Она даже ладони к груди прижала, укрощая испуг.
— Так ведь французские, и, говорят, отменные… Девчата в магазине глядели на них так, что я, грешным делом, подумал, как бы не ограбили.
В девять вечера, зайдя за сыном в квартиру Лютрова, Тамара Кирилловна, не зная, как отблагодарить за подарок, сказала:
— Оставьте ключи, я вам перед праздником блеск наведу. А то от гостей совестно будет.
— Командуйте, коли есть охота возиться в такие дни. Только гости не званы, сам в гостях буду.
…Собираясь на дачу к Извольскому и старательно уминая перед зеркалом узел нового галстука, Лютров ловил себя на неприятной, уличающей мысли о своей непригодности для подобных вечеринок.
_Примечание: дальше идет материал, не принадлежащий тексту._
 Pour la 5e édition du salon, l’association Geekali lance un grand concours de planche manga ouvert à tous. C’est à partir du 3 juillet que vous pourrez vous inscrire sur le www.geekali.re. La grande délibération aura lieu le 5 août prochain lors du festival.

Что было впору Извольскому, не очень подходило Лютрову. Что ни говори, а каждый возраст имеет свои «моральные допуски».
«Может быть, все-таки остаться, пригласить Тамару Кирилловну и Шурика, выпить шампанского?.. Нет, поздно переиначивать, Витюлька ждет на даче!»
И пока он одевался, спускался по долгой лестнице и ждал такси под злющими колкими снежинками, его не покидало такое чувство, будто он принуждает себя к этой поездке на дачу.
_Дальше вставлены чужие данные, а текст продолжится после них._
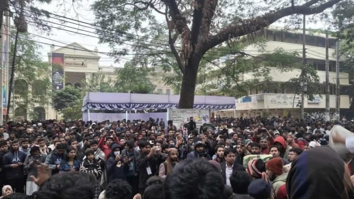 December 30 (Tuesday) University Vice-Chancellor Professor Dr. Mo Rezaul Karim gave this information after the syndicate meeting. Meanwhile, the students of Jagannath University Central Students’ Union (Jaksu) are protesting against the postponement of the elections. They started the protest on Tuesday (December 30) after 9 am. Meanwhile, the students said, “Jaksu is my right, students’ rights. Rais na jaksu? Jaksu jaksu. Address of brokers, will not be in this campus.” With different slogans.

Мимо него, сцепившись руками, с сияющими шалыми лицами прошли четыре девушки.
— С наступающим!.. — улыбкой дохнула ему в лицо одна из них.
Лютров с опозданием, уже в спину благодарно улыбнулся ей, смеявшейся громче всех, видимо оттого, что с неожиданной и для подруг, и для самой себя дерзостью озадачила большого, задумчивого человека в светлом пальто, истуканом стоявшего возле столбика с шахматными клеточками. Что-то дрогнуло в нем, оттаяло и легкой утишающей грустью разлилось в душе.
«А!.. — отмахнулся он от недавнего настроения, — Новый год все-таки праздник, а что за праздник, если нельзя подурачиться? Кого от этого убудет?..»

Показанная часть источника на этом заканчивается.